While college campuses have long been battlegrounds for freedom of 
speech issues, Columbia seems to attract more attention than most 
when such problems arise, perhaps because of its location in New York 
and its history of political protest.

Mr. Bollinger, who has held high-level positions at the University of 
Michigan and Dartmouth, said he did not believe that Columbia was 
unusual in the number of disputes over free speech. Officials are 
studying whether disciplinary steps are warranted, he said.

On campus yesterday, many people condemned the silencing of Mr. Gilchrist.

"I think it was really wrong not to let him speak," said Anusha 
Sriram, 18, a Columbia freshman studying political science and human 
rights, who moved to the United States from Mumbai five years ago. 
"He wasn't being violent. He was giving his view peacefully."

She said she was upset that by keeping Mr. Gilchrist from speaking, 
the protesters had unwittingly turned the tables of the discussion 
against themselves.

"That just undermined the entire protest," she said. "Now everyone 
looks at the protest in a bad light instead of him in a bad light."

She added, "They should invite him back and maybe set up a debate."

The program was sponsored by the Columbia University College 
Republicans, a five-year-old group that says on its Web site that it 
has 600 members. Its president, Chris Kulawik, a junior, is described 
on the site as a "staunch conservative" who "endeavors to attain the 
cherished title of 'Most Despised Person on Campus.' "

He said he was "very much surprised" by Wednesday night's events.

"We always understood that this is a very left-wing campus," he said. 
"But to see your peers resort to physical violence because they 
disagree with you is very frightening."

He said he had been working to ensure there is more campus security 
next week when his group has three more potentially controversial 
speakers, including Walid Shoebat, a former P.L.O. member, and Hilmar 
von Campe, an author who fought for Germany during World War II.

When asked how he chooses speakers, and whether he tries to stir up 
controversy, he said he chooses people that his group's members request.

Wei Wei Hsing, 20, is a junior at Columbia and general manager of the 
Columbia Political Union, which has frequently co-sponsored events 
with the College Republicans, including a lecture by John Ashcroft 
last year. She criticized both Mr. Gilchrist's supporters and the 
protesters for yelling and shouting before the lecture started, 
setting a tone of intolerance. But she said the controversy simply 
reflected the political mood. "The polarization of the country in 
general is reflected in the microcosm of Columbia," she said. "And 
because people here happen to read the news more, and talk about 
politics, it's expressed more outwardly."

The Minuteman Project, which calls itself a "citizens' vigilance 
operation," featured photos, video and news accounts of the Columbia 
events yesterday on its Web site and said they amounted "a riot."

"At Columbia University free speech took quite the hit," it said. "At 
an event hosted by the college Republicans at Columbia we were 
reminded that the left advocates free speech only for those who 
regurgitate the same tripe that they spew."

Columbia officials said yesterday that while there had been pushing 
and shoving on stage, as protesters surrounded Mr.
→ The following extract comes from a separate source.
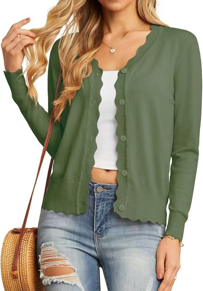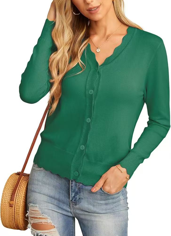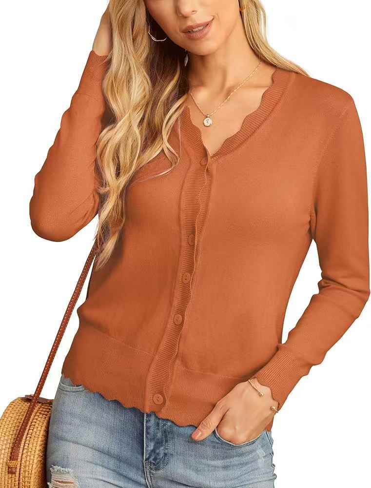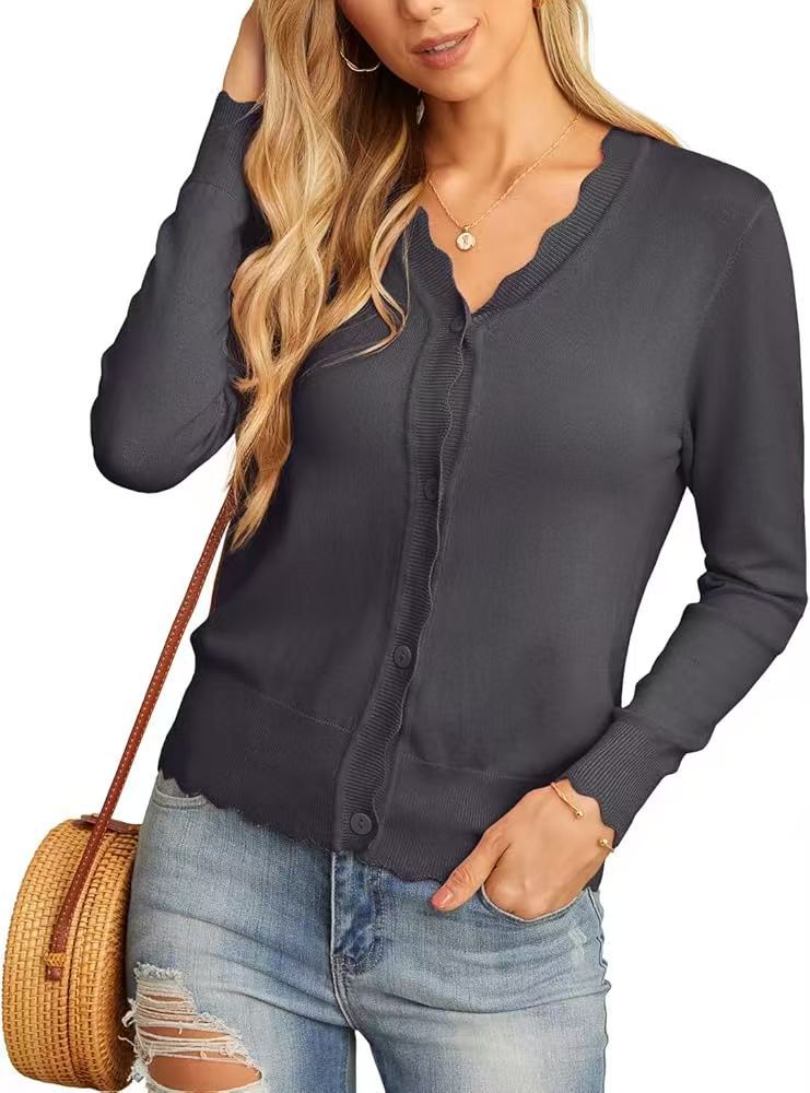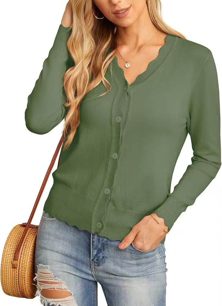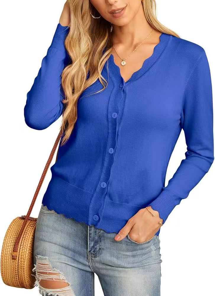 Новый модный тонкий трикотажный кардиган с рюшами и рукавом три четверти для весны/лета, топ Amazon V9 для трансграничной торговли

Gilchrist and 
others tried to defend him, there were no reports of injuries.

Mr. Bollinger said he believed that the importance of free speech 
must be reinforced repeatedly. He said he hoped to do "a number of 
things" over the next several weeks to accomplish that on campus.

Donna Lieberman, executive director of the New York Civil Liberties 
Union, said yesterday, "Academic freedom thrives when all ideas, 
including racist ideas, have the opportunity to be aired."

Matthew Sweeney contributed reporting.